HVEM wird auf einer Vielzahl von unterschiedlichen Zelltypen, wie T-Zellen, APCs und anderen Immunzellen exprimiert. Im Gegensatz zu den meisten anderen TNFSF-Rezeptoren wird HVEM auf ruhenden T-Zellen stark exprimiert, um nach T-Zell-Aktivierung herunterreguliert zu werden. Es wird davon ausgegangen, dass ein HVEM-vermitteltes Signal eine wichtige Rolle in den frühen Phasen der T-Zell-Aktivierung spielt und im weiteren Verlauf der Immunantwort auch die Ausbreitung tumorspezifischer Lymphozyten-Populationen im Lymphknoten beeinflusst.

 

GITR-Agonisten

GITR wird konstitutiv auf der Oberfläche von T-Zellen exprimiert. Eine geringe Expressionsrate befindet sich auf naiven T-Zellen, wobei eine hohe Rezeptoranzahl auf regulatorischen T-Zellen (Treg-Zellen) insbesondere nach deren Aktivierung detektiert werden kann. Die Bindung von GITR an seinen Liganden führt direkt zu einer vermehrten Aktivierung sowie dem Überleben von Anti-Tumor-T-Zellen.

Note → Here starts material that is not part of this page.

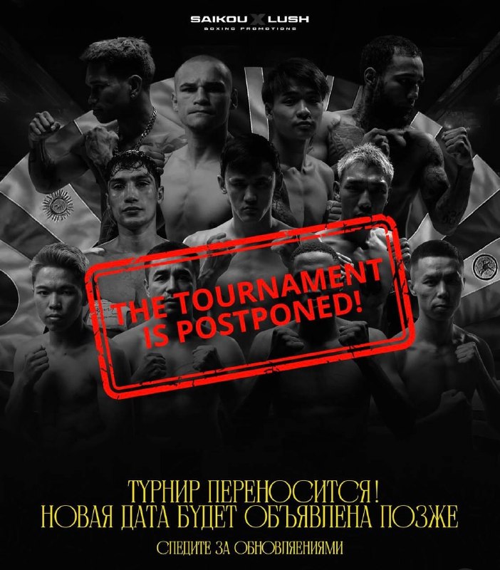 Пресс-служба промоутерской компании Saikou Lush Boxing Promotions объявила на своей странице в социальных сетях о том, что три подряд боксёрских вечера, которые были запланированы с 17 по 19 апреля в Бишкеке (Кыргызстан) будут перенесены на новую дату, которая будет объявлена позднее.

GITR schwächt die suppressiven Eigenschaften der regulatorischen T-Zellen ab und verstärkt so die Anti-Tumor-Immunantwort. Die unterschiedlichen Wirkweisen von GITR unterstreichen dessen wichtige Rolle beim Einleiten der Immunantwort im Lymphknoten sowie bei ihrer Aufrechterhaltung im Tumorgewebe.

4-1BB-Agonisten

Aufgrund der Expression auf unterschiedlichen Immunzell-Populationen wie T-Zellen, APCs (dendritische Zellen und Monozyten) sowie natürlichen Killerzellen wird 4-1BB eine besondere Rolle in der Gruppe der TNFSF zugesprochen. Während 4-1BB konstitutiv auf dendritischen Zellen exprimiert wird, findet es sich auf T-Zellen nur nach deren Aktivierung. 4-1BB-vermittelte Signaltransduktion hat einen positiven Effekt auf die Aktivierung, die Proliferation, das Überleben und die Funktion von verschiedenen Immunzellen, insbesondere von CD8+ zytotoxischen T-Zellen. Die verschiedenen Expressionsmuster deuten darauf hin, dass 4-1BB-Agonisten an der Einleitung einer Immunantwort im Lymphknoten sowie an der Aufrechterhaltung dieser Immunantwort im Tumorgewebe beteiligt ist.